Abstract

The objective of this paper is to evaluate the role of the manufacturing sector in the development process based on two laws of Kaldor. The first law states that the higher the growth of the manufacturing output, the more significant is the growth rate of the economy's product as a whole. The second law, known as the Kaldor–Verdoorn law, establishes a deterministic relation between the growth of manufacturing productivity and manufacturing output growth. This paper begins showing stylized facts of the production and exports of manufactured goods to show that these remain related to the income level of countries in recent years. Thereafter, a theoretical reflection on the importance of manufacturing in the process of economic development is performed, associating it to the manufacturing exports and to the exchange rate regime.

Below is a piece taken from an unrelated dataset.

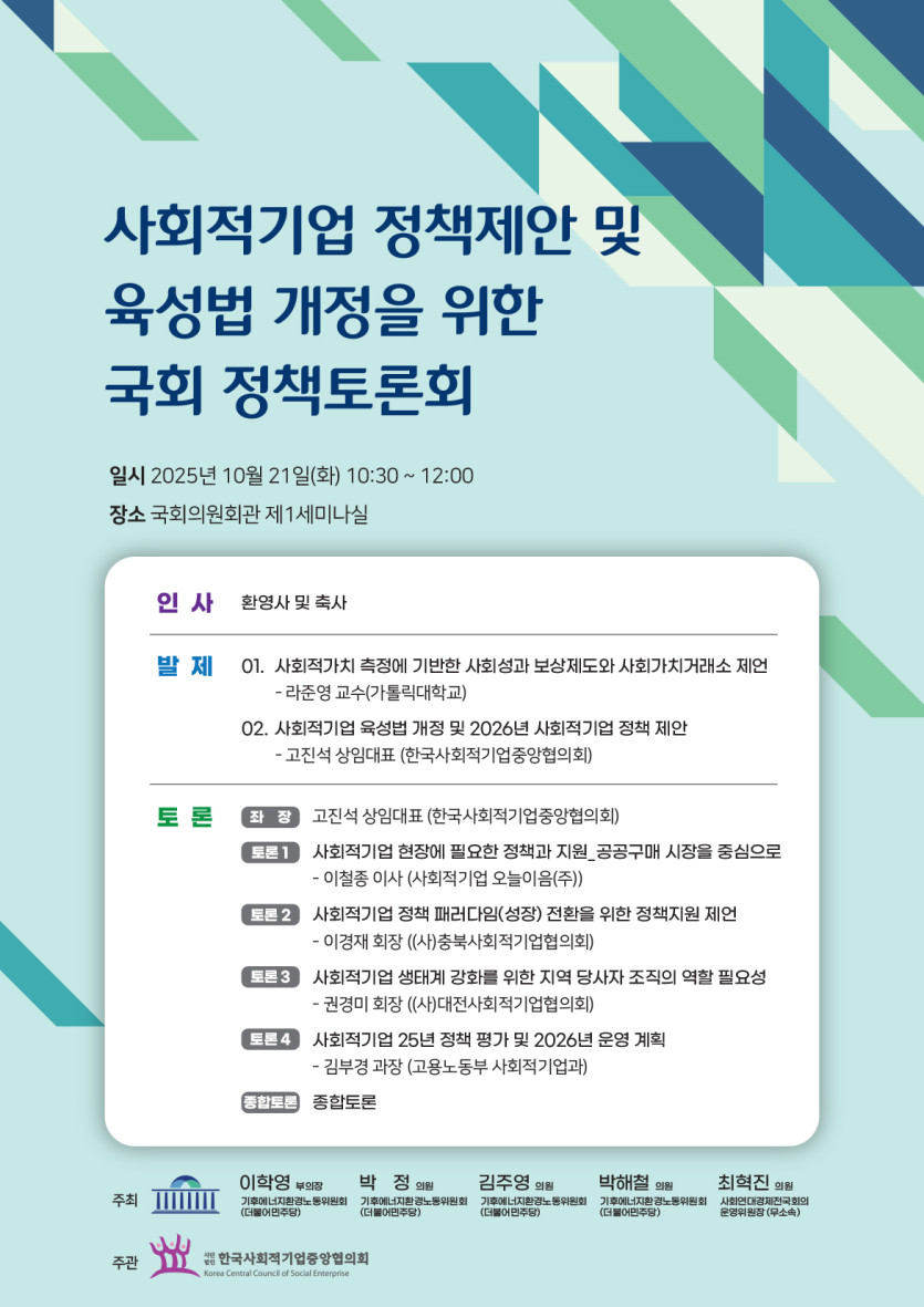 [알림] 사회적기업 정책제안 및 육성법 개정을 위한 국회 정책토론회(10/21)

Then, the paper performs a Kaldorian model systematization to assess the importance of manufacturing and its exports on the economic development. Econometric tests are performed based on a dynamic panel data for a sample of 63 middle and high-income countries, excluding major exporters of fuels for the period between 1990 and 2011, to analyze whether there is any difference in growth dynamics between these two groups. Estimates attest the occurrence of the two Kaldor laws, demonstrating that output growth in the manufacturing sector is essential to increasing economic growth and productivity, particularly in middle-income economies. The results also confirm that manufacturing exports are relevant to the development process and that the exchange rate contributes to this process in middle-income countries.